The formula's might become more intuitive when you consider the sum of the squared residuals from which the sample standard deviation is derived.
$$ \sum_{i=1}^n {r_i^2} = \sum_{i=1}^n (x_i - \bar{x})^2$$
This $r_i^2$ is a sum of $n$ terms but effectively equivalent to the sum of $n-1$ squared independent normal distributed variables with variance $\sigma$. (See for instance Why are the residuals in $\mathbb{R}^{n-p}$?)
The distribution of squared independent normal distributed variables with standard deviation $\sigma$ follows a gamma distribution* with shape parameter $n-1$ and scale parameter $\sigma^2$ and will have a mean of $(n-1)\sigma^2$. So if we divide by $n-1$ then we have an unbiased estimate of the variance.

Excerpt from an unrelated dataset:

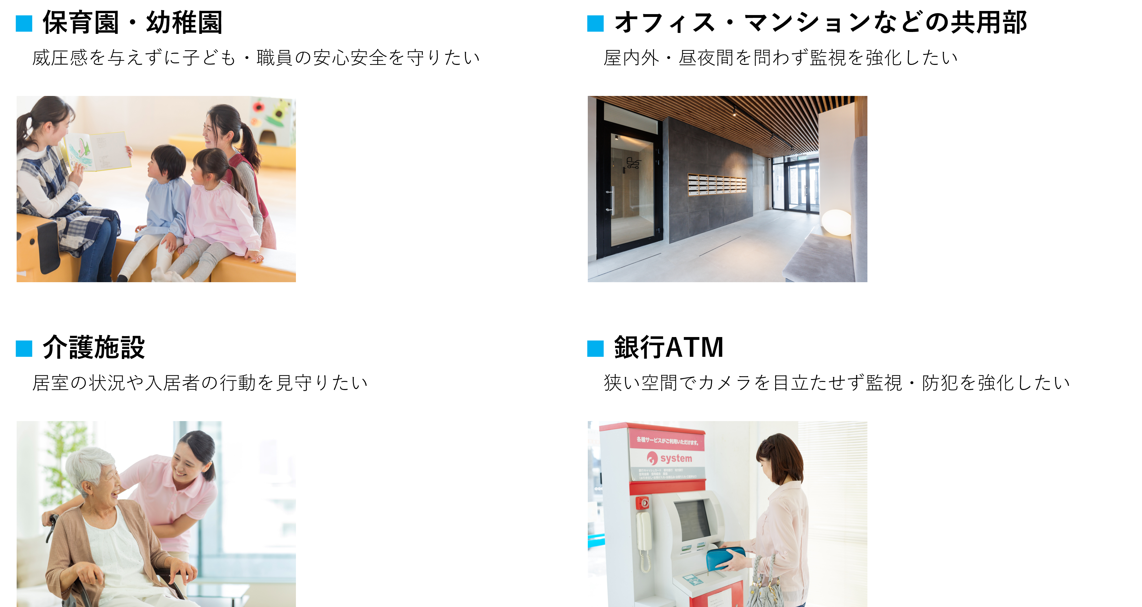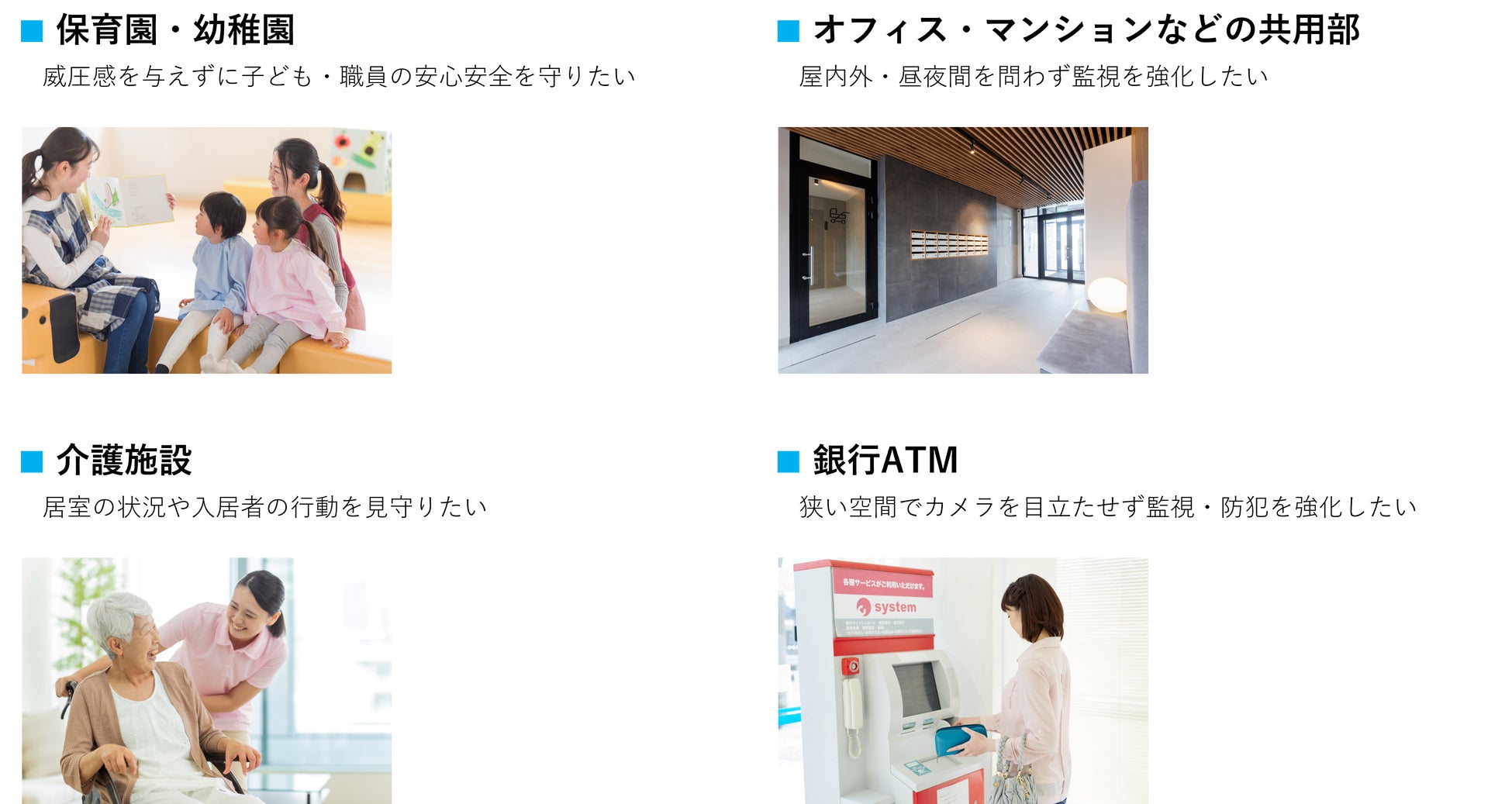 昨今、保育園・幼稚園での不適切保育や不審者の侵入などが相次ぎ、子どもや職員の安心・安全を守ることへの関心が高まっています。また、オフィス、店舗、介護施設など様々な場所で空間のデザインが重視されるようになり、景観を乱さないカメラのニーズが生まれてきています。

$$s^2 = \hat{\sigma^2} = \frac{1}{n-1} \sum_{i=1}^n {r_i^2}$$
And $s$ is the corrected sample estimate of the standard deviation
$$s = \sqrt{\frac{1}{n-1} \sum_{i=1}^n {r_i^2}}$$
Now, if we have more residual terms because we sampled two population where we assume that the two populations have the same variance (that is what the pooling does). Then we get simply a sum of those residual terms and now it is a gamma distributed variable that is equivalent to a sum of $(n_a - 1)+(n_b -1)$ squared normal distributed variables.

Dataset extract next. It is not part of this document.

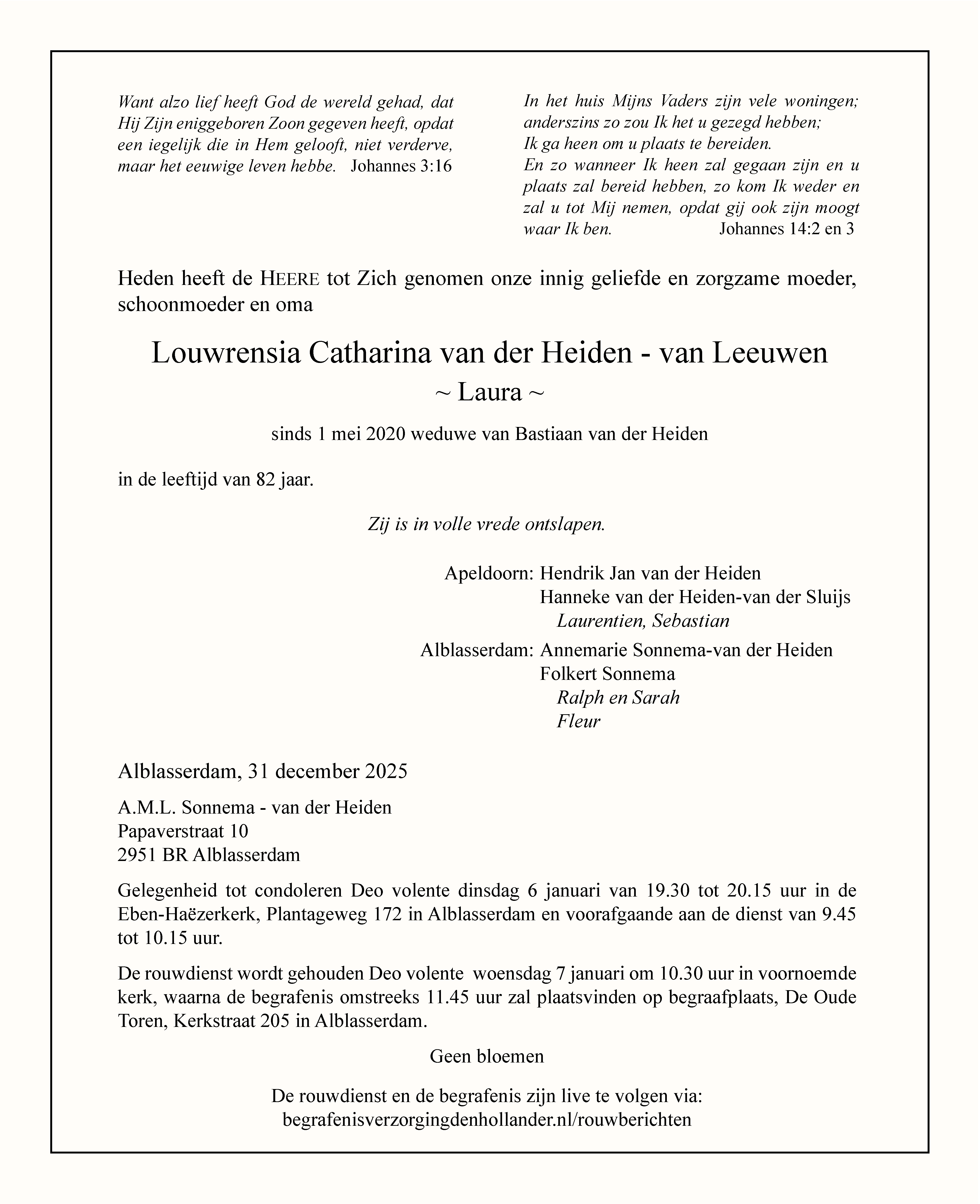 Gegevens begrafenis mevrouw Louwrensia Catharina van der Heiden - van Leeuwen

$$s = \sqrt{\frac{1}{(n_a-1)+(n_b-1)} \left(\sum_{i=1}^{n_a} {r_{a,i}^2} + \sum_{i=1}^{n_b} {r_{b,i}^2}\right)}$$
where $n_a$ and $n_b$ are the sizes of the two samples and $r_{a,i}$ and $r_{b,i}$ the residual terms in the two samples.

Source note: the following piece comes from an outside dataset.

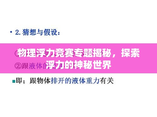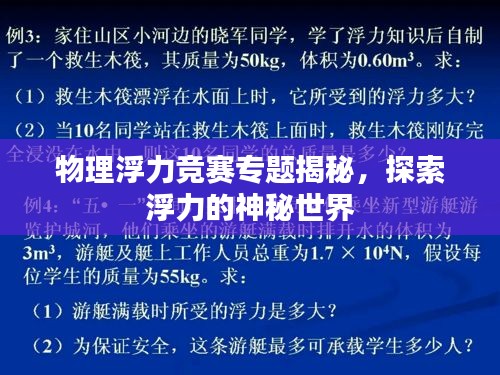在物理学中,浮力是一个引人入胜且充满挑战的领域,本文将围绕“物理浮力竞赛专题”展开,深入探讨浮力的基本原理、应用、相关竞赛内容以及实际生活中的例子,通过本文,读者将更好地理解和掌握浮力的知识,为参加物理浮力竞赛奠定坚实的基础。
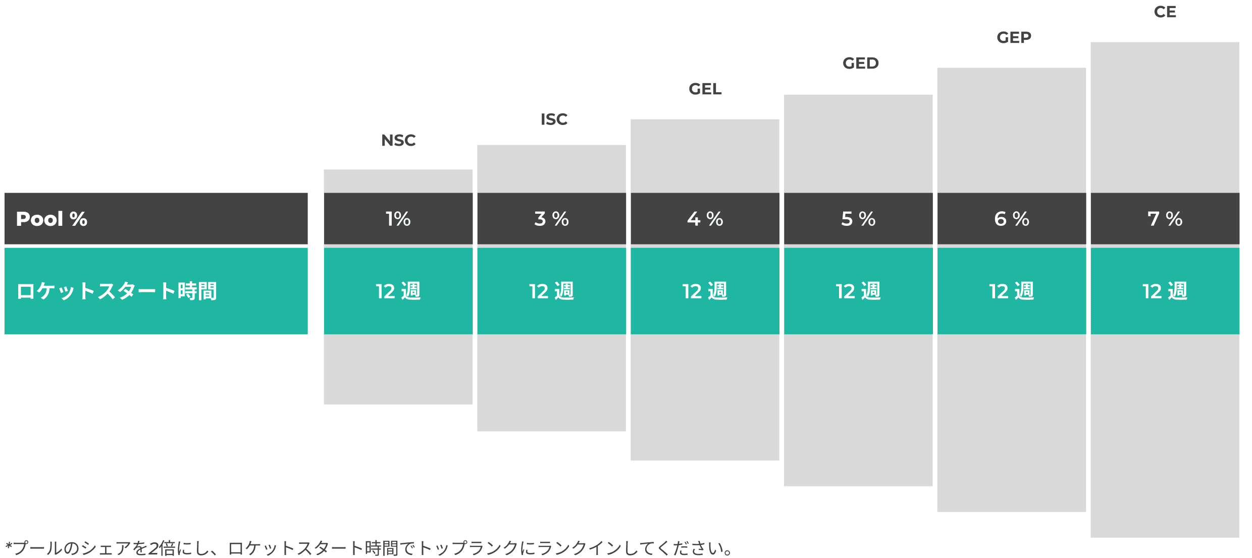 Shopwithmeでは、優れたリーダーシップを認識して報酬します。当社のランクボーナスプールでは、資格のあるリーダーに対して世界中のファストスタートPVの最大12%(=10%)をボーナスとして提供しています。3人のリーダーを支援することで、印象的なランクと月間のランクボーナスを獲得できます。

If instead of the sum of squared residuals you use the corrected sample standard deviations
$$\sum_{i=1}^{n_a} {r_{a,i}^2} = s_a^2 (n_a -1)\\
\sum_{i=1}^{n_b} {r_{a,i}^2} = s_b^2 (n_b -1)$$
then you get
$$s = \sqrt{\frac{s_a^2 (n_a -1) +s_b^2 (n_b -1)}{(n_a-1)+(n_b-1)}}$$
The additional term $\sqrt{\frac{1}{n_a}+\frac{1}{n_b}}$ is to convert from an estimate about the variance/deviation of the population to the variance/deviation of the sample mean or the difference between two sample means. The estimate of the variance of the one mean will be $s^2/n_a$ and the other $s^2/n_b$. The estimate for the variance of the difference is the sum of those two.
*Some readers might be more familiar with the $\chi^2$ distribution which is a special case of the gamma distribution, but with a scale equal to 1.